Current studies suggest that miRNAs could be used as biomarkers. Papanota et al. found that the circulating levels of miR-143-3p, miR-17-5p, miR-214-3p and miR-335-5p were significantly higher in the blood plasma of MM patients with MMBD (multiple myeloma bone disease) compared to those without, and these miRNAs could be used as biomarkers to accurately predict MMBD [47]. Tewari et al. found that miR-10b, miR-126-5p, miR-143, miR-146b, miR-21-5p, miR-221, miR-223 and miR-30b-5p were expressed at significantly different levels in circulating skeletal muscle of Piedmontese cattle at different ages, and miR-23a and miR-126-5p could bind Myostatin to directly regulate the growth state of skeletal muscle [48]. In our previous studies, we found significant differences in the expression levels of miR-143, CUX1 and KRT71 in Hu sheep with small waves and large waves, respectively [21,22,23]. In this study, we also examined the mRNA and protein expression levels in small waves and straight wool, the findings of which were consistent with the previous results. Since the expression trend of miR-143 is opposite to that of CUX1 and KRT71, we hypothesized that miR-143 might be able to mediate the role of CUX1 and KRT71 in hair follicle development. As far as we know, CUX1 and KRT71 have been reported to be involved in hair bending. Therefore, we speculated that miR-143 could be used as a biomarker for wool curvature, and these results provided a basis for further studies on miR-143-assisted lamb breeding in Hu sheep.
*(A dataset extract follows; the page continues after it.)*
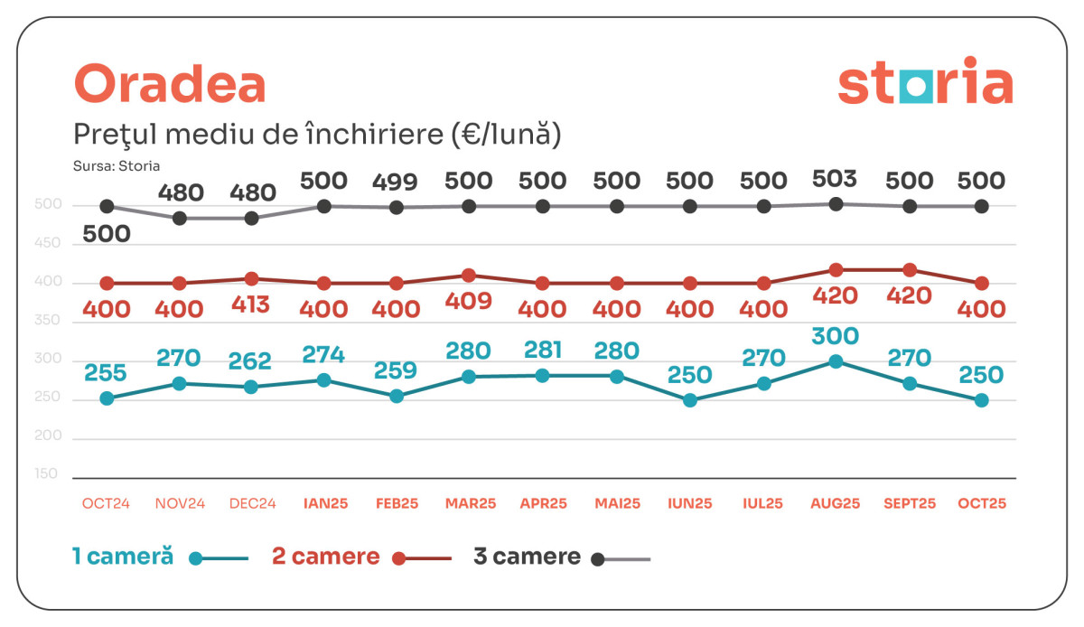 La Oradea, chiriile medii au fost de 250 euro la garsoniere (-2% față de anul trecut, -7% comparativ cu septembrie), 400 euro la două camere (-5% comparativ cu septembrie) și 500 euro la trei camere (fără variații lunare sau anuale).

CUX1 is a transcription factor that regulates the cell cycle and plays an important role in the developmental cycle of several tissues. In particular, the expression of this gene affects the cell cycle regulation of hair growth in mice, and the loss of its exon (termed CUX1ΔCR1) leads to hair bending [10,49,50]. To explore the function of CUX1 in the function in vivo, Luong and Ellis separately mutated different C-terminal positions of CUX1. The results show that mutant mice are born with growth retardation and abnormal hair development, suggesting that CUX1 is required for dermal developmental functions [51,52]. The keratin family has long been shown to be closely associated with hair follicle development and hair growth, and KRT71 has also received attention as a member of this family. Fujimoto et al. [53] first discovered that a missense mutation was associated with hair loss, and identified that this gene was an important determining factor in mammalian hair growth. Previous research has shown that mutations in KRT71 could be identified in dogs and mice; it was expressed in the inner root sheath and caused hair bending [54]. In fact, we did not specifically detect the mutations of KRT71 in Hu sheep. KRT71 was used as a target gene for miR-143 in this experiment, and its expression was significantly different in straight wool and small waves. However, we did not detect the protein expression of KRT71 in dermal papilla cells, which suggests that miR-143 could not target KRT71 to regulate dermal papilla cells’ proliferation. Therefore, we suggest that there may be another mechanism that regulates hair bending as a target gene of miRNA in other hair follicle cells.

In conclusion, this study revealed that miR-143, KRT71 and CUX1 were significantly differentially expressed in straight wool, and miR-143 had the opposite expression trend with both of KRT71 and CUX1. Moreover, miR-143 was identified to inhibit dermal papilla cells’ proliferation. Dual-luciferase assays showed that miR-143 could directly target KRT71 and CUX1. Overall, miR-143 could target CUX1 to regulate the proliferation of dermal papilla cells in Hu sheep, and the cell proliferation might lead to wool curvature, which affects the quality of the lambskin. Our findings may help us better understand the regulatory mechanism of miRNA associated with wool curvature.